Please return the lines, both ends included, that run from the one containing "Enjoy a cup" to the last line of the data below, exactly and alone.
_ _ _ _
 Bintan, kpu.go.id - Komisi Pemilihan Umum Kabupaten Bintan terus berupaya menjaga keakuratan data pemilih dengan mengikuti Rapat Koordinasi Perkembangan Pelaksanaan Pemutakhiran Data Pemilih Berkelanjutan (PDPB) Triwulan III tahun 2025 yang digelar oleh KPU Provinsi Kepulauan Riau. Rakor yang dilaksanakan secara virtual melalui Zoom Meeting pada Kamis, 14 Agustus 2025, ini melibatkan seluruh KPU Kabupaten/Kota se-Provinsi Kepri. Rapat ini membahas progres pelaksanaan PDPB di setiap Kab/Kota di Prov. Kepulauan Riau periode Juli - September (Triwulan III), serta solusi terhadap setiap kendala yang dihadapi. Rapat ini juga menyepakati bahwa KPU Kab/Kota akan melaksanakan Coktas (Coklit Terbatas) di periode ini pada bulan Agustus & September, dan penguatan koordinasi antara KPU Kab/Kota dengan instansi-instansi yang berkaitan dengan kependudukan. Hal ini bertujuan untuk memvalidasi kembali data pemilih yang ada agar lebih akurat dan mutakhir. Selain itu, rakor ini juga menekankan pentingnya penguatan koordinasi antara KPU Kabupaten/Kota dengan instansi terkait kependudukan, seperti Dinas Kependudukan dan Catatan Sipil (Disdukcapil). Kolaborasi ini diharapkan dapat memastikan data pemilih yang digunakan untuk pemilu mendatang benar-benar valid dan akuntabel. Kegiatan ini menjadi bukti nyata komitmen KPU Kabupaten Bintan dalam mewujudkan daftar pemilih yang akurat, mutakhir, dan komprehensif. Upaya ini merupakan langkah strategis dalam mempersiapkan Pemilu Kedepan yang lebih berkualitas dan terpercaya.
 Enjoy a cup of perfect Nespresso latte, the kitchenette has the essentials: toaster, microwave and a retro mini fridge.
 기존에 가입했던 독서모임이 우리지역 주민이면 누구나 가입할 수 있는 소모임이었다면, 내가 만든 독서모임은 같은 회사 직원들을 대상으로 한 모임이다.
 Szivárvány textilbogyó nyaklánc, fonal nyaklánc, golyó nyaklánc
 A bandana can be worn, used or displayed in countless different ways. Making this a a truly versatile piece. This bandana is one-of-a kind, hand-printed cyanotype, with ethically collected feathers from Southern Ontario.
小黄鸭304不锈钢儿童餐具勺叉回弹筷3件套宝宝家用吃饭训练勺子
_ _ _ _
**Worked solution**
 Enjoy a cup of perfect Nespresso latte, the kitchenette has the essentials: toaster, microwave and a retro mini fridge.
 기존에 가입했던 독서모임이 우리지역 주민이면 누구나 가입할 수 있는 소모임이었다면, 내가 만든 독서모임은 같은 회사 직원들을 대상으로 한 모임이다.
 Szivárvány textilbogyó nyaklánc, fonal nyaklánc, golyó nyaklánc
 A bandana can be worn, used or displayed in countless different ways. Making this a a truly versatile piece. This bandana is one-of-a kind, hand-printed cyanotype, with ethically collected feathers from Southern Ontario.
小黄鸭304不锈钢儿童餐具勺叉回弹筷3件套宝宝家用吃饭训练勺子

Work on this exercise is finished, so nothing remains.